1. long-lived pools/background jobs #93
2. FanOut/Until Discussion #86 (comment)

The biggest pitfalls are:

1. not calling Wait() on error cases (as Camden mentioned)
2. panics do not propagate until pool.Wait(), which in these use cases is often at service shutdown, which could be a very long time

Does this comparison sound right?

[molon]

This simulation example sounds to me like a long-lived pool, where multiple publishers/submitters push things into a shared pool/backlog/processing queue, where the publishers have requirements of their own: deadline to submit job, etc. and the pool.Wait() is called in another goroutine separate from the publishers.

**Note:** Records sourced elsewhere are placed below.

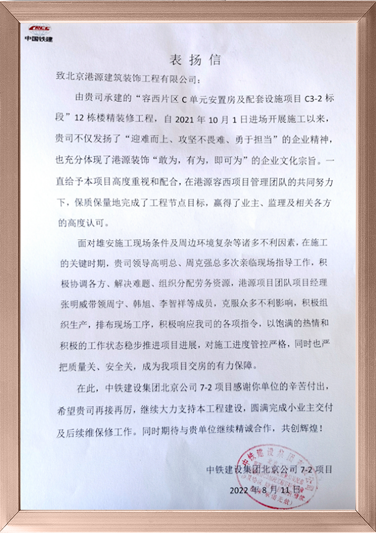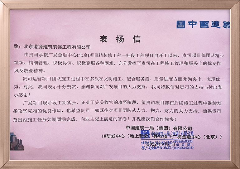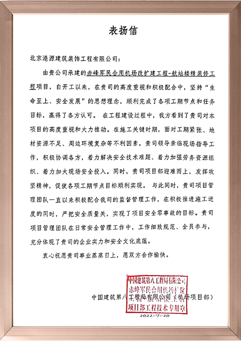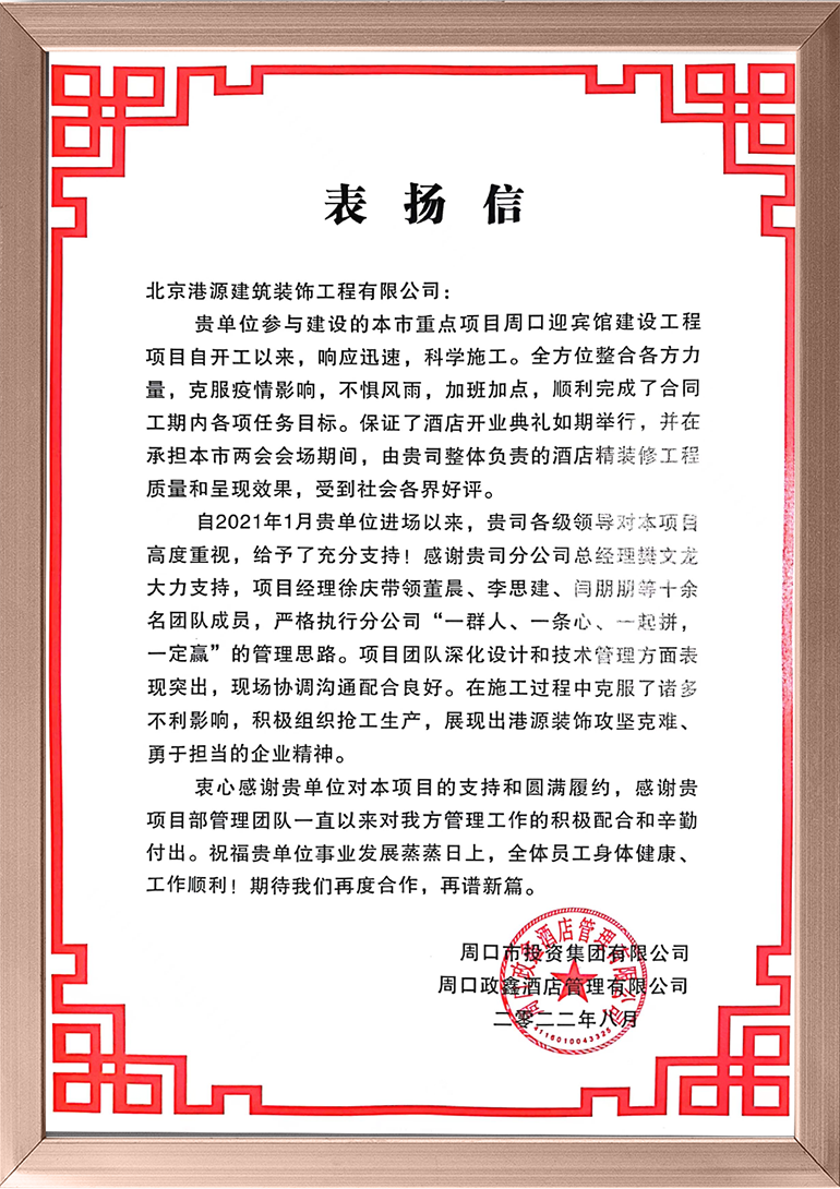 2022上半年,港源裝飾歷經(jīng)重重考驗,一以貫之地發(fā)揚(yáng)契約精神及頑強(qiáng)奮戰(zhàn)的鐵軍作風(fēng),始終堅持“讓客戶更滿意”的企業(yè)宗旨,奮力完成了各項既定目標(biāo)。一封封表揚(yáng)信,承載著業(yè)主的支持和贊譽(yù),也是對港源裝飾誠信履約的最好詮釋。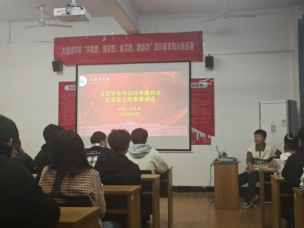 【AC米兰中文官方网站讯】为了深入学习习近平总书记在专题民主生活会上的重要讲话精神、学习习近平总书记有关坚持和完善人民代表大会制度的重要思想、关于保障人民当家作主的重要论述和习近平对江西新余市渝水区临街店铺火灾事故做出重要指示精神。AC米兰中文官方网站于2024年3月13日在党员活动室召开主题为“学思想、强党性、重实践、建新功”主题党日活动。本次会议由王前坤老师主持,大数据36期、37期入党积极分子参加本次会议。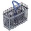 Корзина для столовых приборов — один из обязательных аксессуаров, которыми оснащается любая посудомоечная машина. Она представляет собой сетчатый пластиковый органайзер, в котором устанавливаются в вертикальном положении ложки, ножи и вилки. Корзина, как правило, разделяется на отдельные отсеки, в каждый из которых можно поместить один или несколько предметов. Зачастую сверху она закрывается специальной крышкой, которая также служит для разделения приборов, способствуя более тщательному их мытью.

This idea is a valid one, but one that currently does not fit into anything provided by conc today IMO. We've discussed this in a few places:

1. long-lived pools/background jobs #93
2. FanOut/Until Discussion #86 (comment)

The biggest pitfalls are:

1. not calling Wait() on error cases (as Camden mentioned)
2. panics do not propagate until pool.Wait(), which in these use cases is often at service shutdown, which could be a very long time

Does this comparison sound right?

Indeed like a long life pool. But maybe the execution process is defined by the publisher, not the subscriber.

About pitfalls:

1. I don't understand why Wait() is easy to forget. By convention, golang developers should be well aware that some resources need to be closed and released.
2. Because of the mechanism of conc.WaitGroup, this is indeed a problem. But I personally feel that this problem actually exists in all scenarios, not just the one we are currently discussing. In addition, just like in the scenario of using sync.WaitGroup+gorountine, the default will be panic directly. If you want to change the default behavior, you need to do recover separately. When using conc.WaitGroup, you can also use recover to change the default behavior.

All in all, the key points that I personally care more about are:

1. Since select chan without default is used, <-ctx.Done() should be provided, which is a good practice.
2. Since Wait() is provided, the unfinished select chan should not encounter panic: send on closed channel, which is not robust for multi-threaded development.